[[ SUPPLIED MATERIAL, beginning ]]
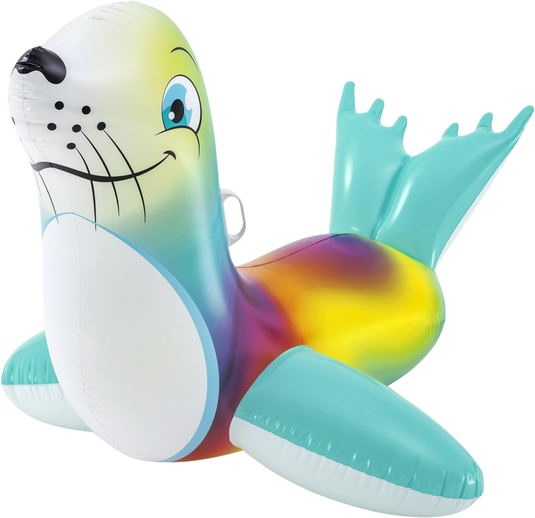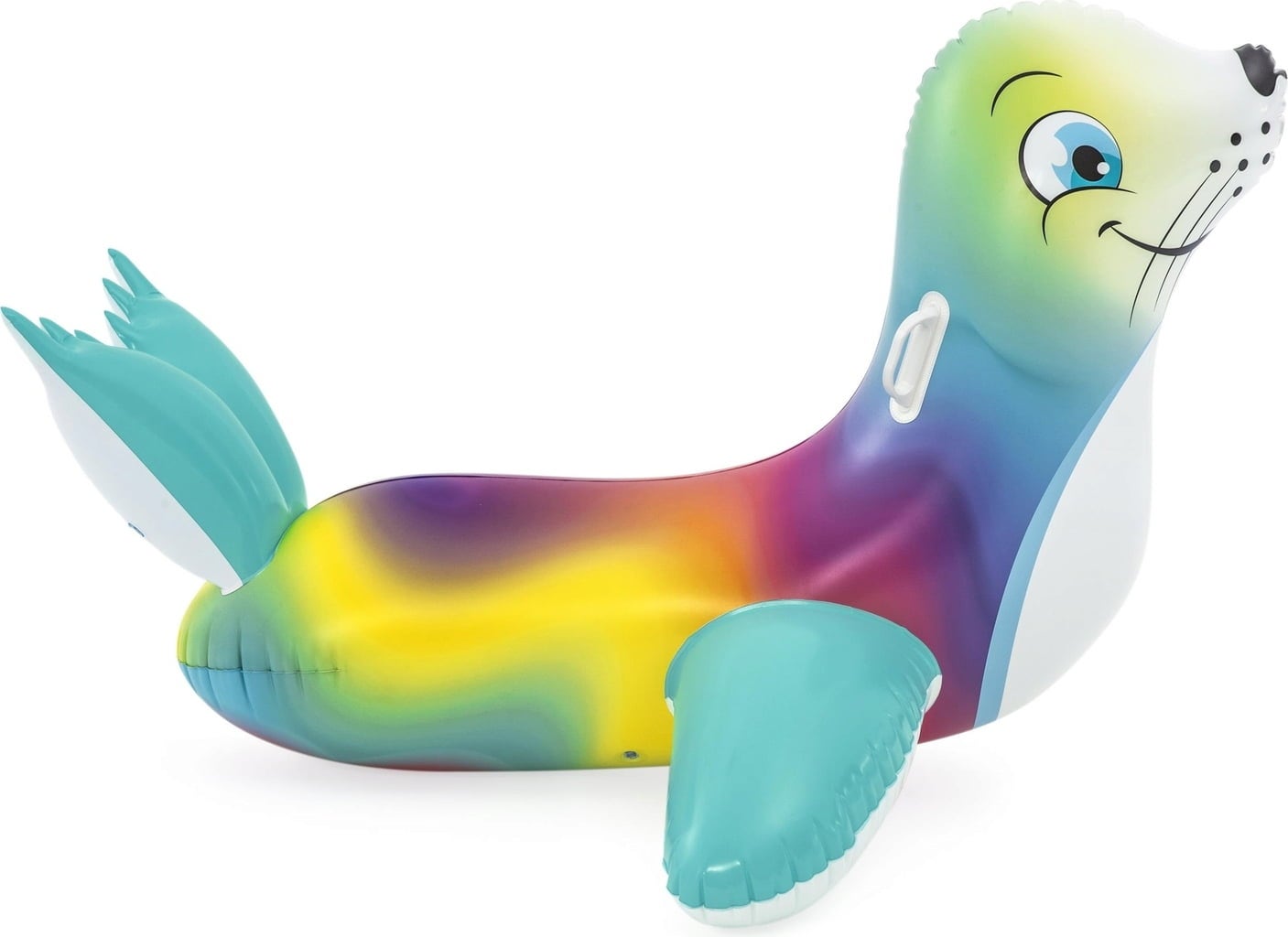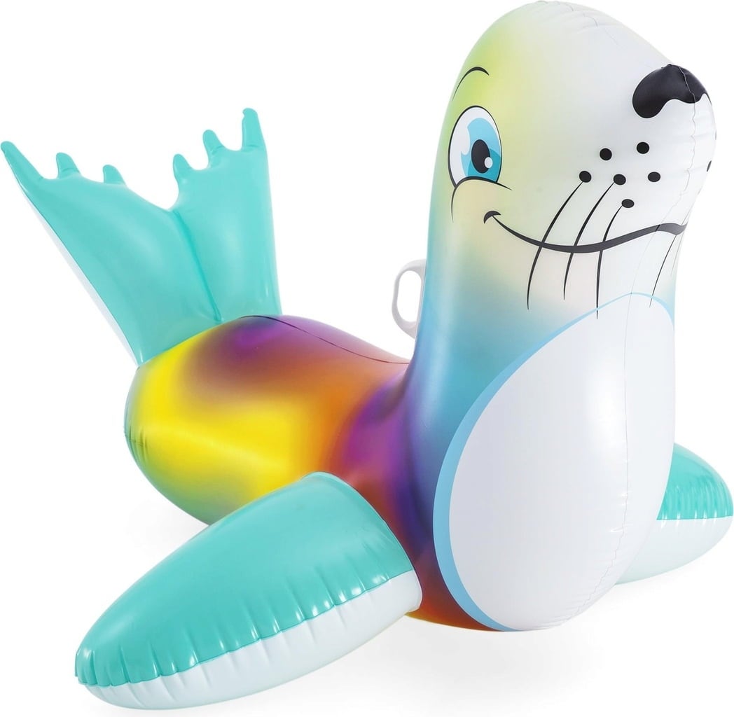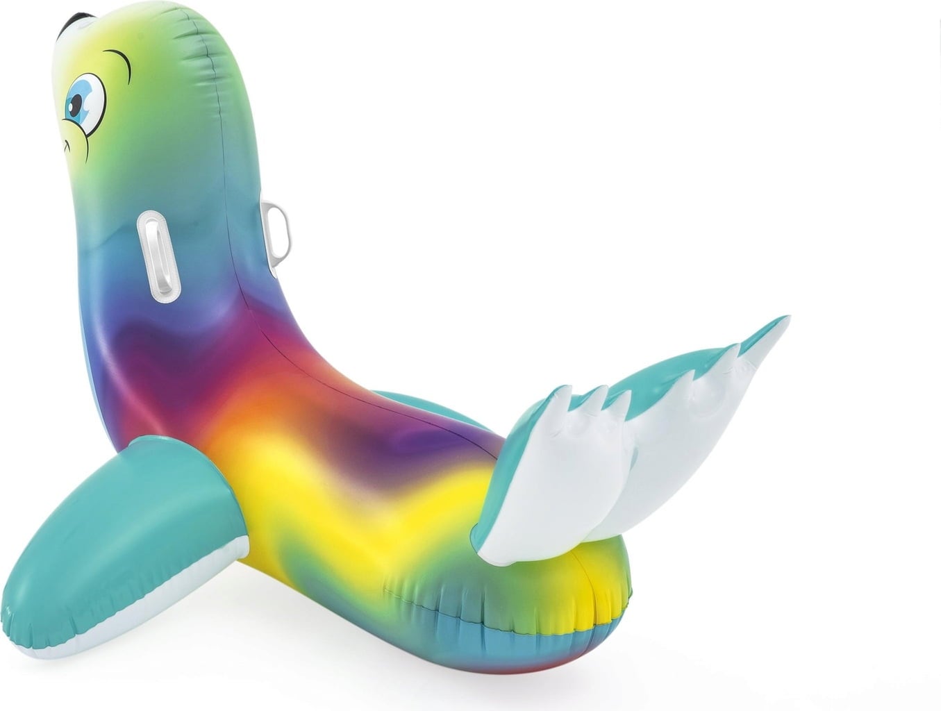 Upptäck denna supercoola sim-säl med sitt unika tie-dye-mönster! Denna gulliga havskompis ger både färg och massor av skoj i poolen. De robusta handtagen gör det enkelt att hålla balansen och klättra upp. Den uppblåsbara stjärtfenan och sidoflänsarna hjälper till med extra stabilitet.
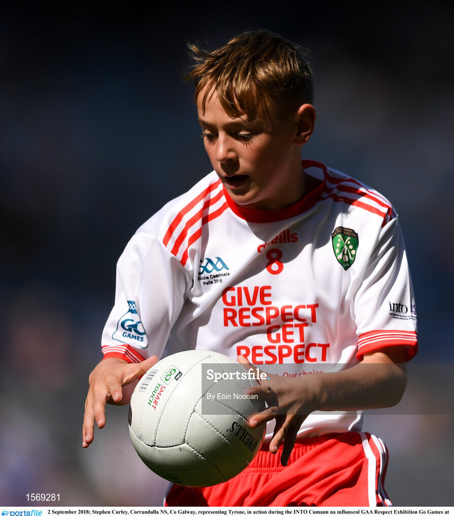 2 September 2018; Stephen Curley, Corrandulla NS, Co Galway, representing Tyrone, in action during the INTO Cumann na mBunscol GAA Respect Exhibition Go Games at the Electric Ireland GAA Football All-Ireland Minor Championship Final match between Kerry and Galway at Croke Park in Dublin. Photo by Eóin Noonan/Sportsfile
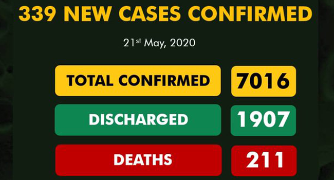 Nigeria reported 339 new cases of the novel coronavirus on Thursday, bringing its total infections to 7,016.
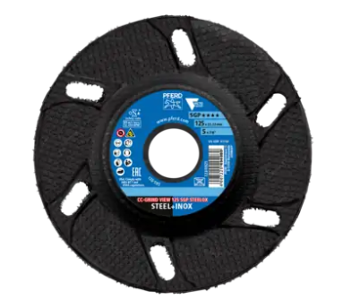 The innovative Pferd CC-GRIND VIEW grinding disc combines a unique design with VICTOGRAIN, one of the most effective, precision-formed abrasives in the world. The viewing pane enables users to work precisely whilst monitoring the work process. Suitable for surface grinding, chamfering, deburring and work on weld seams.
[[ SUPPLIED MATERIAL, end ]]
TASK DIRECTIONS => An exact copy of the listing above, minus its pictures, is what is needed here.

RESULT =>
 Upptäck denna supercoola sim-säl med sitt unika tie-dye-mönster! Denna gulliga havskompis ger både färg och massor av skoj i poolen. De robusta handtagen gör det enkelt att hålla balansen och klättra upp. Den uppblåsbara stjärtfenan och sidoflänsarna hjälper till med extra stabilitet.
 2 September 2018; Stephen Curley, Corrandulla NS, Co Galway, representing Tyrone, in action during the INTO Cumann na mBunscol GAA Respect Exhibition Go Games at the Electric Ireland GAA Football All-Ireland Minor Championship Final match between Kerry and Galway at Croke Park in Dublin. Photo by Eóin Noonan/Sportsfile
 Nigeria reported 339 new cases of the novel coronavirus on Thursday, bringing its total infections to 7,016.
 The innovative Pferd CC-GRIND VIEW grinding disc combines a unique design with VICTOGRAIN, one of the most effective, precision-formed abrasives in the world. The viewing pane enables users to work precisely whilst monitoring the work process. Suitable for surface grinding, chamfering, deburring and work on weld seams.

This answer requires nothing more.